5. so from the formula: cos2A are you making arccos(x) = A?

I though that cos(2arccos(x)) = 2x, why wouldn't this work?

6. Hello, Paymemoney!

The first one requires an imaginative step . . .

$\displaystyle \text{1) Express the function: }\:y \:=\:\cos\theta + \sin\theta\,\text{ in the form: }\:y \:=\: R\cos(\theta - \alpha)$

We are given: .$\displaystyle y \;=\;\cos\theta + \sin\theta$

Divide by $\displaystyle \sqrt{2}\!:\;\;\frac{1}{\sqrt{2}}\,y \;=\;\frac{1}{\sqrt{2}}\,\cos\theta + \frac{1}{\sqrt{2}}\,\sin\theta$ .[1]

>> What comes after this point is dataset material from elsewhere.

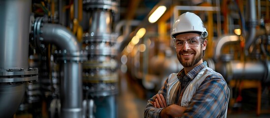 A Distinguished Caucasian Male Engineer Smiling With Arms Crossed, Industrial Environment, Risk Mitigation Concept, PPE, Copy Space.

. . We know that: .$\displaystyle \cos\frac{\pi}{4} = \frac{1}{\sqrt{2}},\;\; \sin\frac{\pi}{4} = \frac{1}{\sqrt{2}}$

Substitute into [1]: .$\displaystyle \frac{1}{\sqrt{2}}\,y \;=\;\cos\frac{\pi}{4}\cos\theta + \sin\frac{\pi}{4}\sin\theta$

And this becomes: .$\displaystyle \frac{1}{\sqrt{2}}\,y \;=\; \cos\left(\theta - \frac{\pi}{4}\right)$

Multiply by $\displaystyle \sqrt{2}:\;\;y \;=\;\sqrt{2}\cos\left(\theta - \frac{\pi}{4}\right)$

7. Hello Paymemoney
Originally Posted by Paymemoney
so from the formula: cos2A are you making arccos(x) = A?
OK. Let's see if we can make it easier. I'll set it out slightly differently.

Let
$\displaystyle \arccos(x)=A$
Now $\displaystyle \arccos...$ means 'the angle whose cosine is ...'. So
$\displaystyle \arccos(x) = A$
means
the angle whose cosine is $\displaystyle x$ is $\displaystyle A$
In other words
$\displaystyle \cos A = x$, which I'll call equation (1)
Now the question asks us for
$\displaystyle \cos(2\arccos(x))$
In other words, for
$\displaystyle \cos2A$
So we use the well-known double angle formula
$\displaystyle \cos2A=2\cos^2A-1$
and then use equation (1) to replace $\displaystyle \cos A$ by $\displaystyle x$. So we get:
$\displaystyle \cos(2\arccos(x)) = \cos2A$
$\displaystyle =2\cos^2A -1$

$\displaystyle =2x^2-1$

OK now?
Originally Posted by Paymemoney
I though that cos(2arccos(x)) = 2x, why wouldn't this work?
I'm not sure why you should think this. This would mean that if you double an angle you double its cosine. So $\displaystyle \cos2A$ would equal $\displaystyle 2\cos A$. Which it doesn't, does it?